In this work, we aim to bridge this gap: Our assumption is that nationality or country of origin of an author is strongly connected to their writing style. Thus, we first present a machine learning approach to automatically classifying literary texts regarding their author’s nationality. We then provide an analysis of the most relevant features for this classification and show that they are well interpretable from a literary and linguistic standpoint.

2. Related Work

The problem of detecting regional linguistic differences is at the core of Digital Humanities, as it touches research questions in both traditional linguistics and modern computer science. In Spanish philology and linguistics, the analysis of different regional varieties has a long tradition (see for example Alvar 1969, Eberenz 1995, Noll 2001). There are well-known differences between the Spanish spoken and written in Spain itself and the variations used in the formercolonies, for example in forms of address (“vosotros/ustedes” vs. just “ustedes”, voseo) and articles (le/la vs. lo). 1 More recently, these differences have been investigated with quantitative methods, for example by applying Zeta to find distinctive words for novels from Spain and from Latin America, respectively (Schöch et al. 2018).

3. Model

3.1. Baseline SVM-Model for classifying author nationality

We assume that writers from different countries are distinguishable by a) their vocabulary and b) phrases that are more or less popular in different regions (cf. Section “Related Work”). Thus, we choose to use an n-gram model to represent our corpus in a computer readable way: First, we determine all word n-grams of length 1 to 4 in the corpus. Then, we select the 1000 most frequent n-grams of each length. We also tried selecting the 100 or 10000 most frequent n-grams, which led to slightly worse results. We represent a piece of text as tf*idf vectors of these n-grams (see Manning 2008).

We then train a linear SVM (see Steinwart 2008) to predict the nationality of an author given a piece of text. The linear SVM is known for good results in text classification (Joachims 1998) and - essential for interpretability - allows to inspect the importance of specific features.

3.2. Enhancing Feature Interpretability

When examining our classification model, we observed an over-representation of geographical entities (e.g., frequent locations like Buenos Aires) as well as names. To instead enforce linguistic properties, we replaced all uppercase tokens by distinct UNKNOWN-tokens (except at the beginning of a sentence). For example “¡Oh, María, María! ¡Cómo deseaba triunfar, conquistar Buenos Aires [...]”, becomes “¡Oh, UNK 1, UNK 2! ¡Cómo deseaba triunfar, conquistar UNK 3 UNK 4 [...]”. This ensures that n-grams with proper nouns will never be frequent enough to be used as a feature in our classification task.
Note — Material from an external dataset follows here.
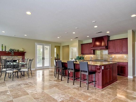 Spacious kitchen with a huge island and granite counter tops. Travertine flooring. Large back yard with room for a family large or small. Owner pays for gardener.

3.3. Augmenting Training Examples

The success of machine learning algorithms depends largely on the amount of training data. Thus, to increase the number of training samples, we split each novel into multiple segments of equal length, assigning each segment the same label as the entire novel.The cross validation split was performed before segmentation, ensuring that no novel was present in both training and test set. The classifier is then trained and evaluated on individual segments, resulting in a set of “votes” for the nationality of each novel in the test set. The nationality is then established by majority vote.

4. Corpus

We use a corpus composed of 100 novels from four Spanish-speaking countries, specifically Spain, Argentina, Cuba and Mexico, written in the 19th and early 20th century (Calvo Tello 2017, Henny-Krahmer 2017). Figure 1 shows the distribution over countries and the distributions over subgenres in the countries. All countries are represented by a roughly equal number of texts. We note that our corpus may have a bias towards a specific subgenre in some countries, which will later be addressed in the analysis of the features.
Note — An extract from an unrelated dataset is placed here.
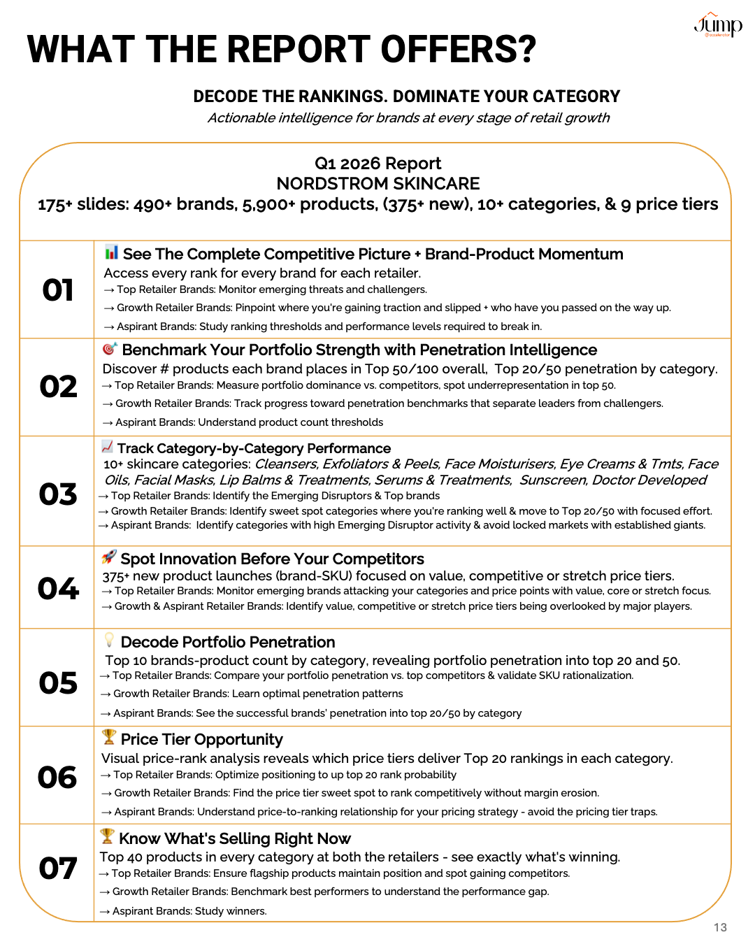 The report covers for Q1 2026 for Nordstrom Skincare in 175+ slides: 490+ brands, 5,900+ products, (375+ new), 10+ categories, & 9 price tiers

Figure 1: Distribution of countries and subgenres in our corpus

5. Experiments

We performed extensive experiments on the dataset to determine the accuracy of our approach. The main hyper-parameters of our model are the segment size s, determining how many words a segment contains, and the parameter C of the SVM. We performed parameter optimisation by grid search, choosing from s ∈ {100, 200, 500, 1000, 5000, 10000, 100000, ∞} and C ∈ {10 −5, 10 −4, …, 10 5 }. The setting s = ∞ does not perform segmentation. We also varied the maximum length of n-grams: unigrams (n = 1) vs. n-grams of length 1 to 4. All scores reported below are weighted average F1-scores over 10-fold cross validation.

Generally, our model performed best when using only unigrams, removing uppercase tokens and splitting the novels into segments of length s = 1000 (see Table 1 for details).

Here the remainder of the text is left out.